Trouble with sound module - I just want to play piano!

When I was in high school (1997) I bought a Studiologic midi controller. 88 keys, hammer touch. It uses a Midi Art GS1000R sound module.

Recently the sound module died.

I've tried to find a used Midi Art GS1000R on the internet, and have had no luck.

I bought a midi-USB converter hoping it would be a simple matter of downloading some freeware that would take the midi and turn it into piano sound. Yeah right.

As you can tell I'm a complete newbie, know nothing about MIDI, and all I want is to be able to play classical piano again. Nothing fancy.

Anybody know what I can do? I would prefer something cheap, because, as I said, all I need is to be able to play classical piano. Anybody know where I can find another GS1000R? And, barring that, anybody know how I can run the midi through my laptop and get piano sound that way?

Any help would be appreciated! I'm getting phantom pains because I haven't been able to play in months...
posted by mammary16 to Media & Arts (5 answers total)
 
Best answer: You have a lot of options for replacing the module with another hardware module:

* Get a used P-330.
* The JV series modules and keyboards have decent piano sounds (at least, they should be as decent as a General MIDI module that was made in 1995 like your GS1000).
* It's old and won't be fooling anyone into thinking it's a grand piano, but the MKS-20 is a classic digital piano module.
* This very cheap P-55 would definitely do the trick.

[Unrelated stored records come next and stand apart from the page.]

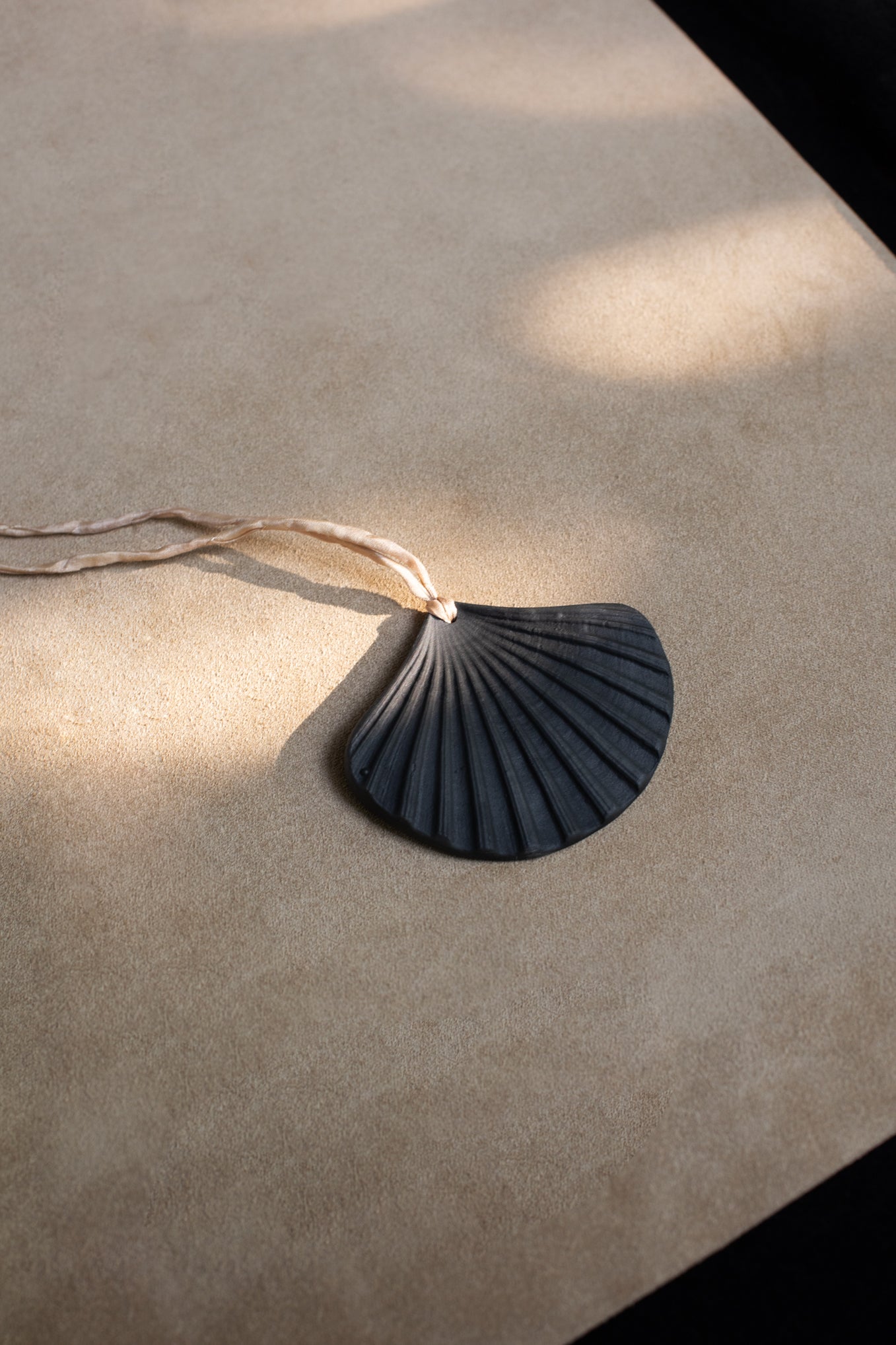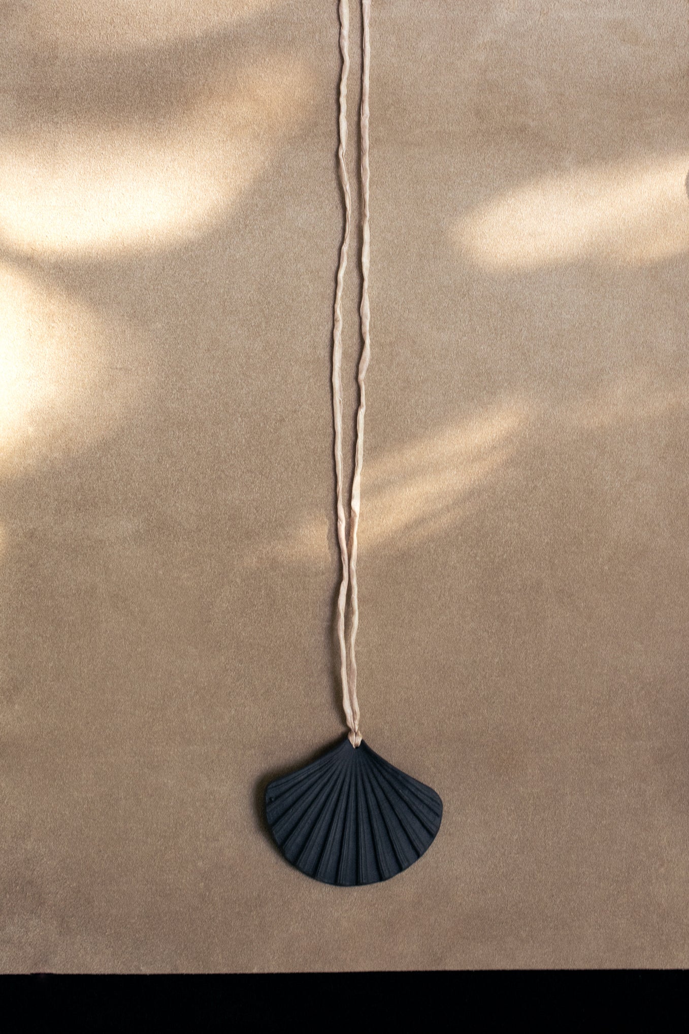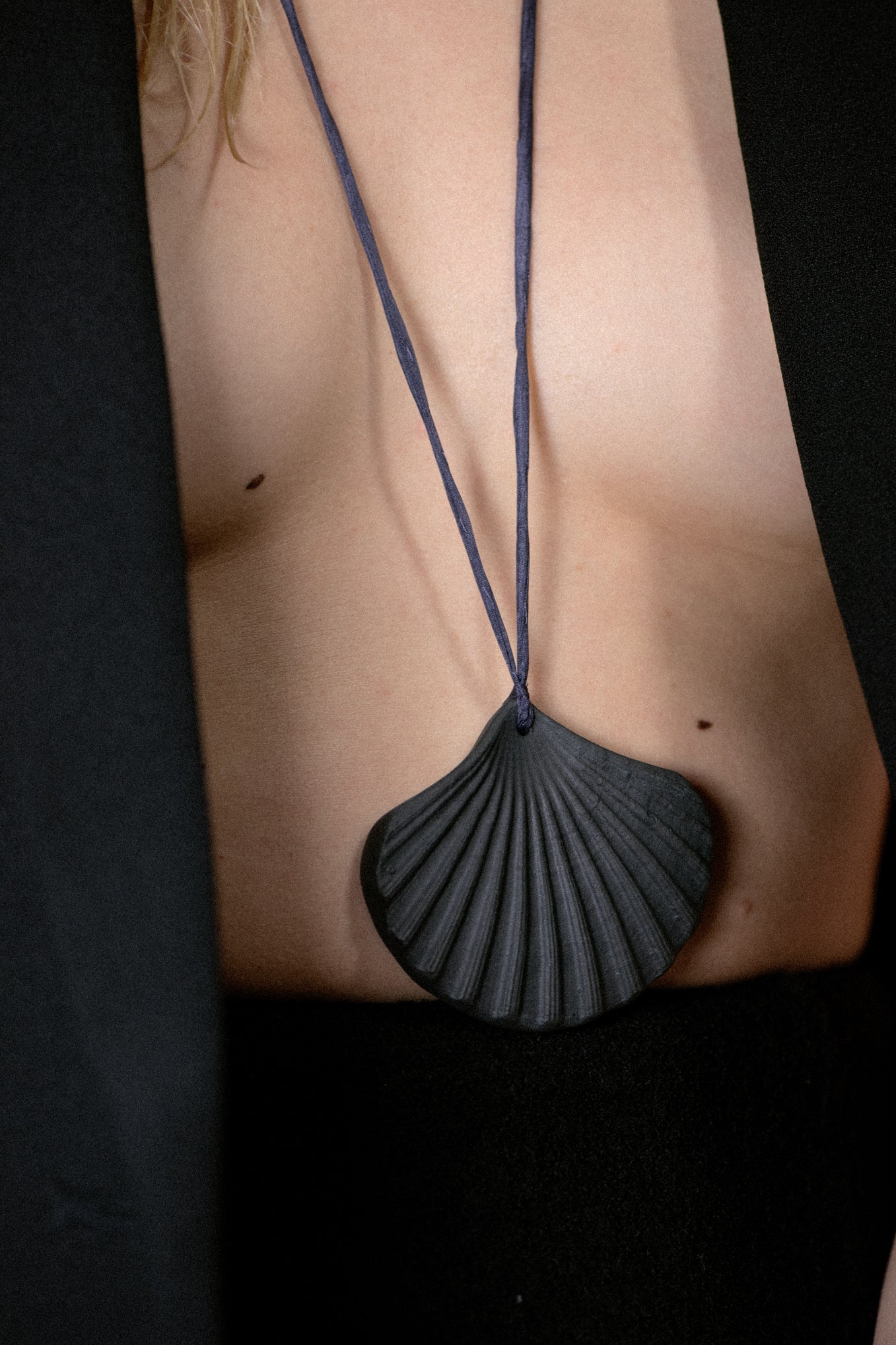 Sculpted from black pigmented porcelain and strung on a silk cord, these Nocturnal Shell Amulets symbolises "night" as opposition to "day" as a way to celebrate the dualistic principle to achieve the perfect harmony.
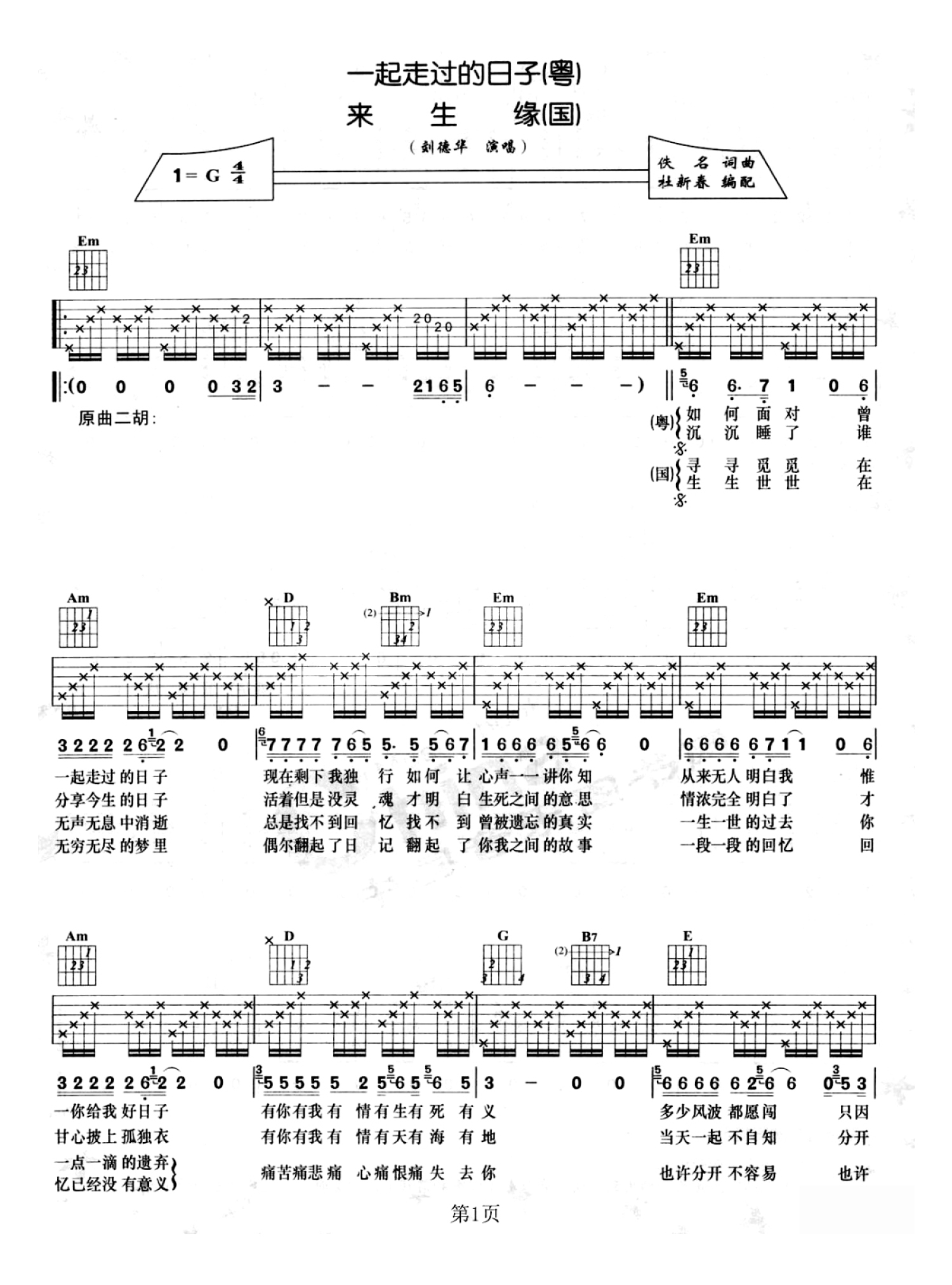 曲谱介绍: 刘德华《来生缘》吉他谱_C调吉他弹唱谱
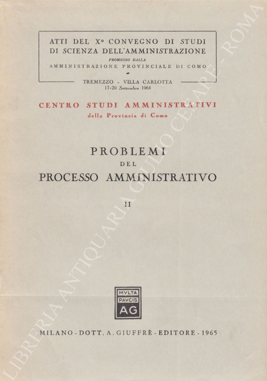 Problemi del processo amministrativo. Atti del X Convegno di Studi di Scienza dell'Amministrazione promosso dalla Amministrazione Provinciale di Como. Tremezzo - Villa Carlotta 17-20 Settembre 1964 | Libri antichi e moderni | Aquarone L. - Alessi R. - Allorio E. - Bachelet V. - Bassi F. -, Capaccioli E. - Cheli E. - Fazzalari E. - Furno C. - Giannini M., S. - Guicciardi E. - Jaeger N. - Ledda F. - Lucifredi R. - Miele, G. - Piras A. - Pototschnig U. - Romano Salvatore - Virga P. Et, Alii

Or you could buy a copy of something like TruePianos, plug your USB MIDI interface in, and play it with any VST host software.
posted by cmonkey at 3:51 PM on June 29, 2007


Actually, the P-330 and MKS-20 each only have 16 voice polyphony, so you might want to go with the P-55 (28 voice polyphony, and you can buy more and chain them) if that could be a problem.
posted by cmonkey at 4:00 PM on June 29, 2007


Um, pardon the Luddist answer, but you could could actually buy an old German/ German/American-made, upright, hardwood, low-tech piano. They're super cheap right now, and you get a better sound (speaking from years of classical piano training) from them. You get weighted keys with 'stick', too, which are waaaay better to play on.
posted by solongxenon at 6:21 PM on June 29, 2007


Response by poster: I would love to buy a real piano, but I live in an apartment and noise is an issue.

Thanks cmonkey!
posted by mammary16 at 6:43 AM on June 30, 2007


Great point, cmonkey -- better than 16-voice polyphony is definitely important for classical music. In fast-moving, pedaled music (like most of Chopin, Brahms, ), it's easy to accumulate more than 16 notes before the next pedal change. When that happens, the notes that get cut out are often the lowest (i.e., the ones you least want to lose) because those were struck first, right after the preceding pedal change.